EXERCISE OBJECTIVE – Below are entries; copy exactly the lines from the one with "Bånd i rød og" through the one with "リデュース・リユース・リサイ", both included, and leave out the rest.

AVAILABLE DATA –

★ ★ ★

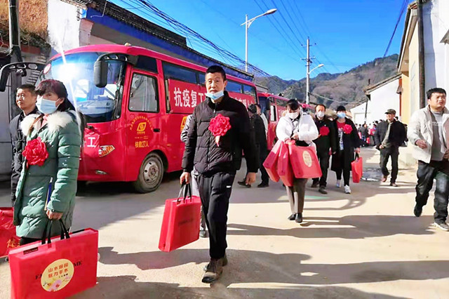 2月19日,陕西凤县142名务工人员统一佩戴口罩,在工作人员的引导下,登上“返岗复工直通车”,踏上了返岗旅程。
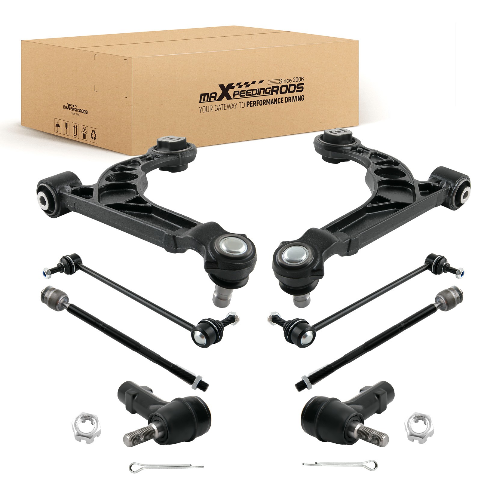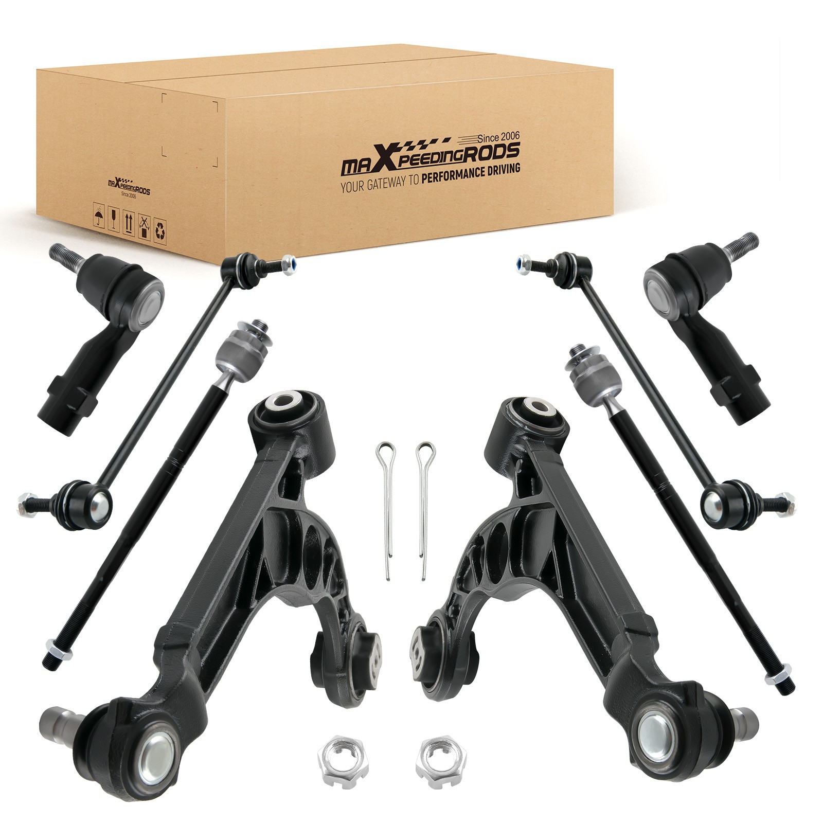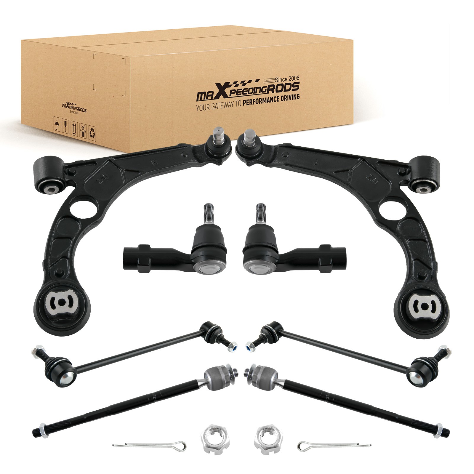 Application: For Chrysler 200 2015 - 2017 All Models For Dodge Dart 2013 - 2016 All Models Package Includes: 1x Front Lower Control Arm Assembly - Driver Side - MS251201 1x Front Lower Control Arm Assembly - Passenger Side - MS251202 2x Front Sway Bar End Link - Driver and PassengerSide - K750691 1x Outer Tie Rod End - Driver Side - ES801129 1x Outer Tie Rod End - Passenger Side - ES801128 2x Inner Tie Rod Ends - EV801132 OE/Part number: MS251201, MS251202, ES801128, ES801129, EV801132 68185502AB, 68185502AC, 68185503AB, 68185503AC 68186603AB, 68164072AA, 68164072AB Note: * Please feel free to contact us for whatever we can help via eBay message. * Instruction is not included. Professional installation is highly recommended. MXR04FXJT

★ ★ ★

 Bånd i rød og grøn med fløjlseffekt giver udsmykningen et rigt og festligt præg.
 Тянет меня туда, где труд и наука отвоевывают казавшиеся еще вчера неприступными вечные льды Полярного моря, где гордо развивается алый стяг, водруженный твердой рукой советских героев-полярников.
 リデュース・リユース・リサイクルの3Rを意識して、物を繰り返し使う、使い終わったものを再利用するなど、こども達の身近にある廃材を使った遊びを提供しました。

★ ★ ★

RESPONSE BOX –
 Bånd i rød og grøn med fløjlseffekt giver udsmykningen et rigt og festligt præg.
 Тянет меня туда, где труд и наука отвоевывают казавшиеся еще вчера неприступными вечные льды Полярного моря, где гордо развивается алый стяг, водруженный твердой рукой советских героев-полярников.
 リデュース・リユース・リサイクルの3Rを意識して、物を繰り返し使う、使い終わったものを再利用するなど、こども達の身近にある廃材を使った遊びを提供しました。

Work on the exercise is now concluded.